# Given material

* * * * * * * * *

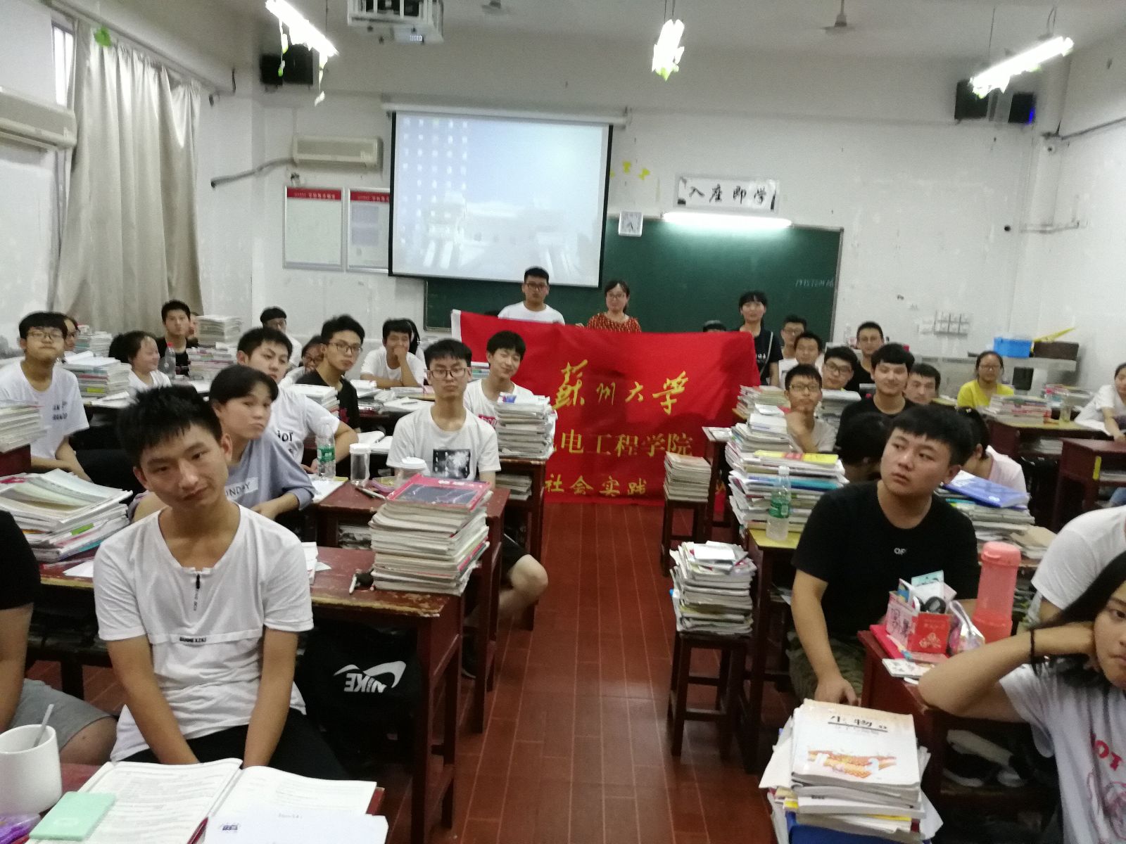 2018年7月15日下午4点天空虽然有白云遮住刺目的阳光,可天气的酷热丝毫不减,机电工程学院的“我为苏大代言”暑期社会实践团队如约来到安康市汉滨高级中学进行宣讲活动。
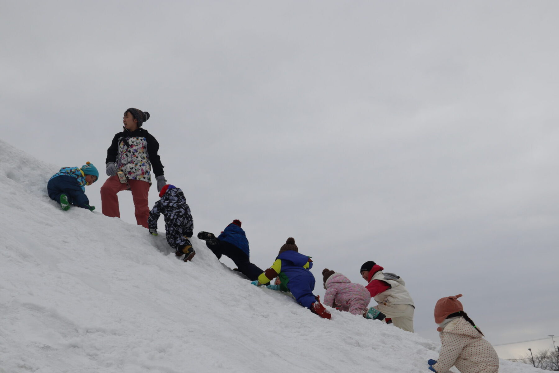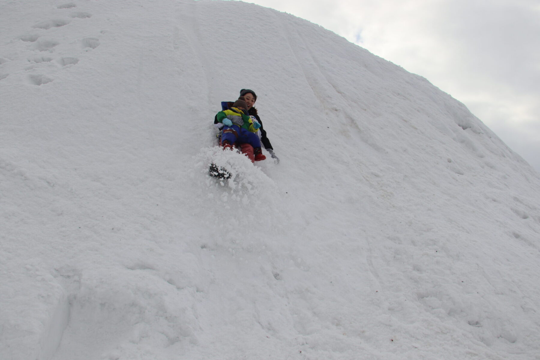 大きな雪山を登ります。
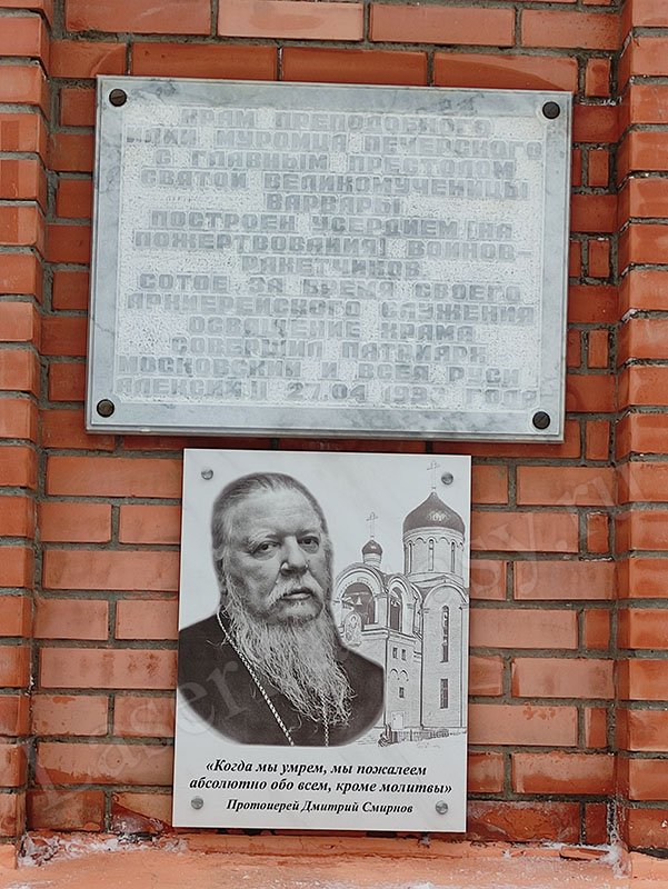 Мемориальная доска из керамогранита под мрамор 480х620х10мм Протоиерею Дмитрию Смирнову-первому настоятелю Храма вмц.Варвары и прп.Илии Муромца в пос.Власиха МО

* * * * * * * * *

# Your goal
Everything above except the pictures needs to be reproduced exactly.

# Answer below
 2018年7月15日下午4点天空虽然有白云遮住刺目的阳光,可天气的酷热丝毫不减,机电工程学院的“我为苏大代言”暑期社会实践团队如约来到安康市汉滨高级中学进行宣讲活动。
 大きな雪山を登ります。
 Мемориальная доска из керамогранита под мрамор 480х620х10мм Протоиерею Дмитрию Смирнову-первому настоятелю Храма вмц.Варвары и прп.Илии Муромца в пос.Власиха МО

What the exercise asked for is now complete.